Work request:
Make an exact copy of the records below, leaving every image out.

Material provided Start Marker

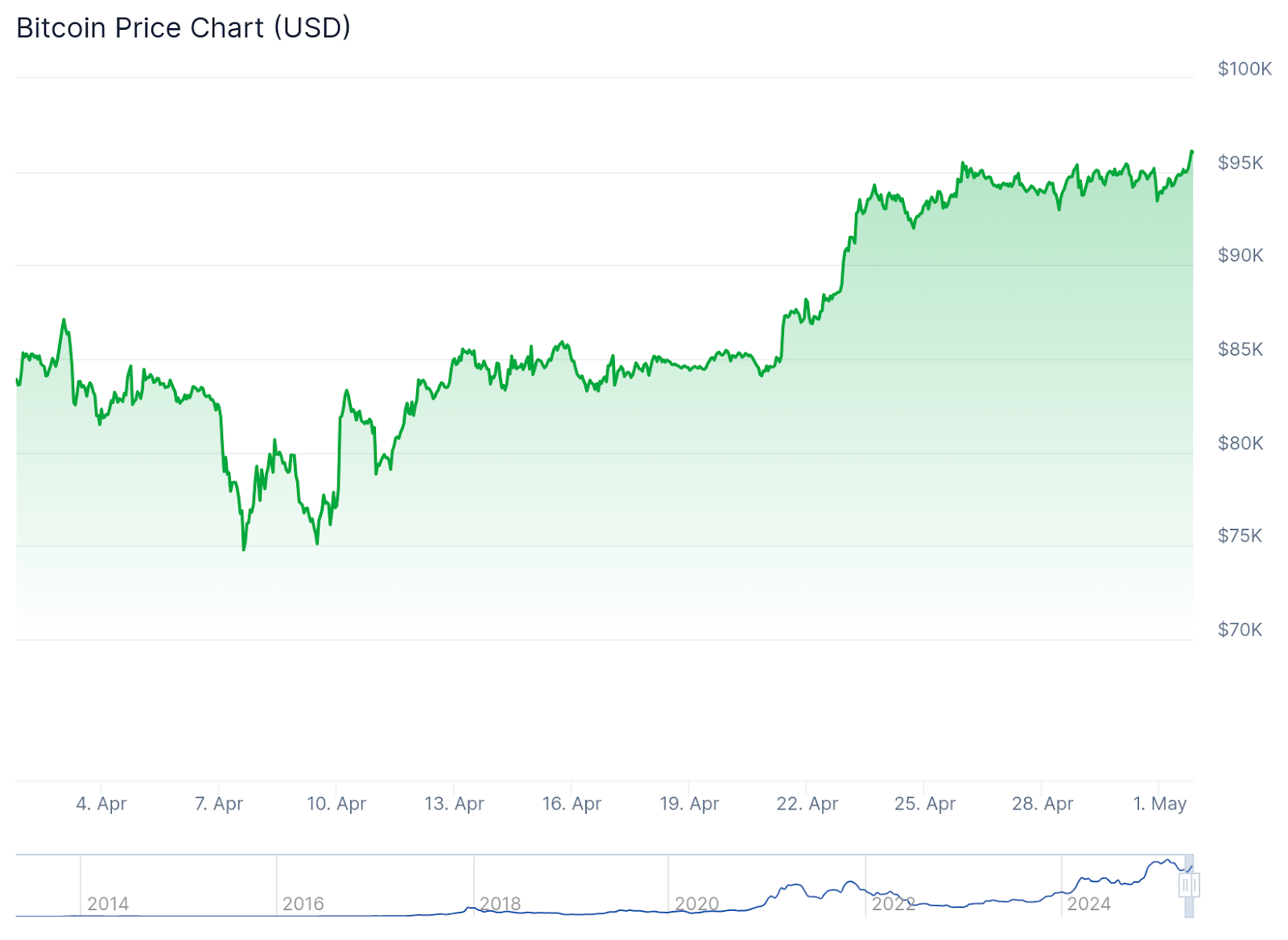 自 4 月 7 日一度回調至 $74,000 後,比特幣隨後強勢反彈,現已在 5 月初站上 $96,000,累計自低點反彈幅度高達 29.7%,展現出驚人的多頭動能。
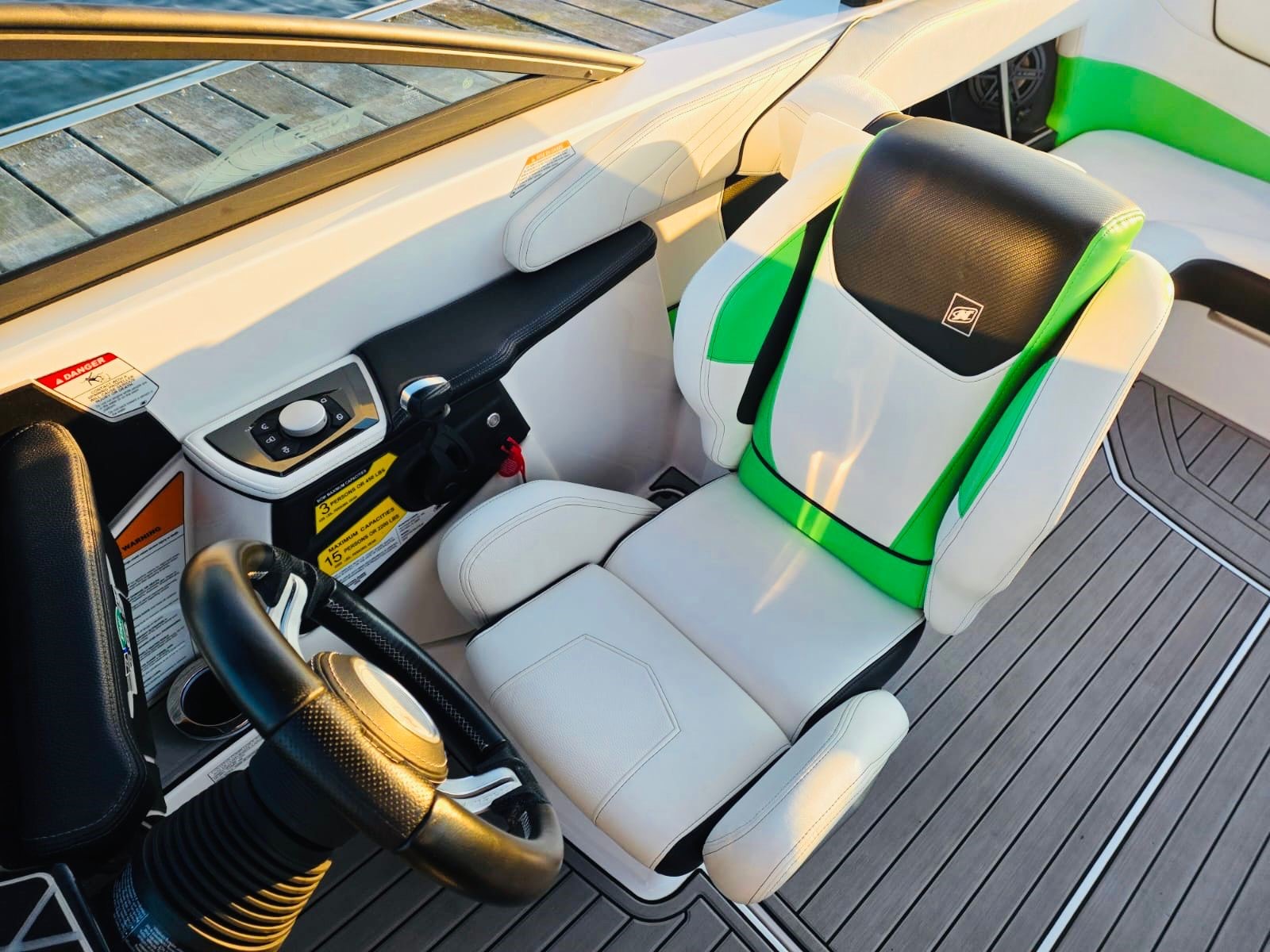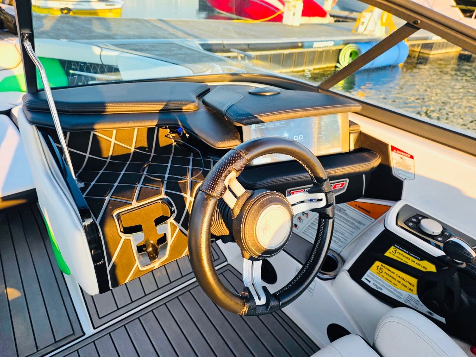 • Premium comfort features: Plush seating, advanced helm controls, heated driver’s seat and loveseat, bow filler cushion, heater with defroster, integrated heater hoses and ultra-premium hand-stitched leather steering wheel and air dam for those cooler, windier days
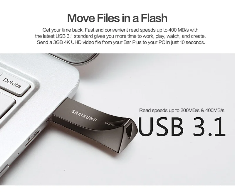 Samsung USB Flash Drive/USB 3,1 Mini Pen Drive 64GB 128GB 256GB Memory Stick Dispositivo de almacenamiento Disco U Velocidad de lectura de hasta 400 MB/s
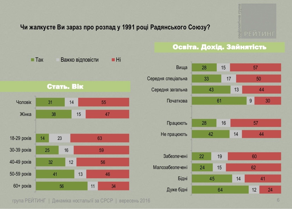Согласно результатам исследования, проведенного Социологической группой «Рейтинг» в сентябре 2016 года, треть (35%) опрошенных сожалеют о распаде в 1991 году Советского Союза, в то же время половина - нет, 15% - не определились.
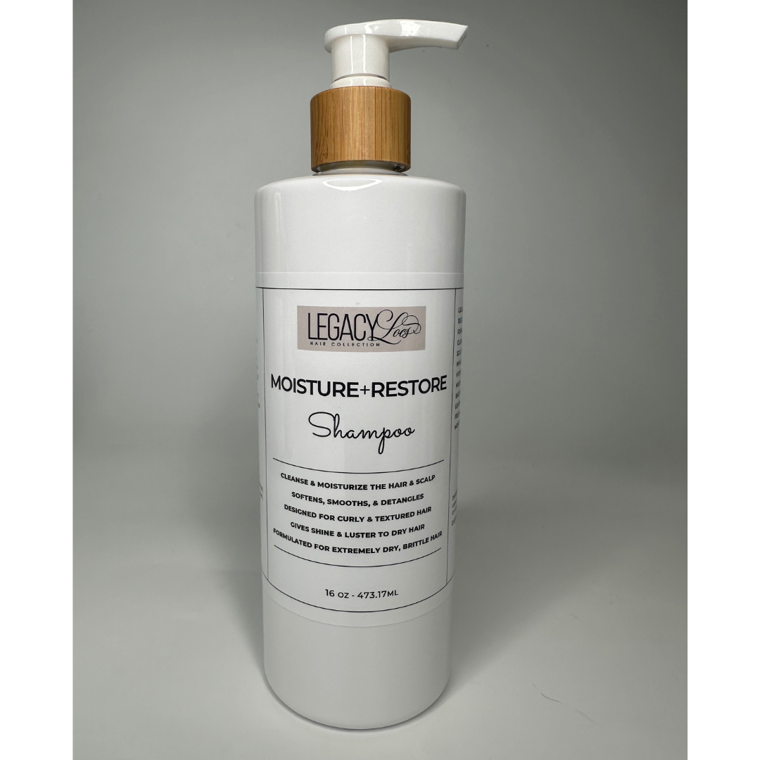 Legacy Locs Moisture + Restore shampoo was formulated to help soften & relax loc extension stiffness, while providing beneficial nutrients to natural hair and scalp promoting healthy hair growth. This shampoo will cleanse hair and scalp of impurities while strengthen, hydrate, and restoring moisture balance back into your hair leaving each strand feeling stronger and more resilient.

Material provided End Marker

Response:
 自 4 月 7 日一度回調至 $74,000 後,比特幣隨後強勢反彈,現已在 5 月初站上 $96,000,累計自低點反彈幅度高達 29.7%,展現出驚人的多頭動能。
 • Premium comfort features: Plush seating, advanced helm controls, heated driver’s seat and loveseat, bow filler cushion, heater with defroster, integrated heater hoses and ultra-premium hand-stitched leather steering wheel and air dam for those cooler, windier days
 Samsung USB Flash Drive/USB 3,1 Mini Pen Drive 64GB 128GB 256GB Memory Stick Dispositivo de almacenamiento Disco U Velocidad de lectura de hasta 400 MB/s
Согласно результатам исследования, проведенного Социологической группой «Рейтинг» в сентябре 2016 года, треть (35%) опрошенных сожалеют о распаде в 1991 году Советского Союза, в то же время половина - нет, 15% - не определились.
 Legacy Locs Moisture + Restore shampoo was formulated to help soften & relax loc extension stiffness, while providing beneficial nutrients to natural hair and scalp promoting healthy hair growth. This shampoo will cleanse hair and scalp of impurities while strengthen, hydrate, and restoring moisture balance back into your hair leaving each strand feeling stronger and more resilient.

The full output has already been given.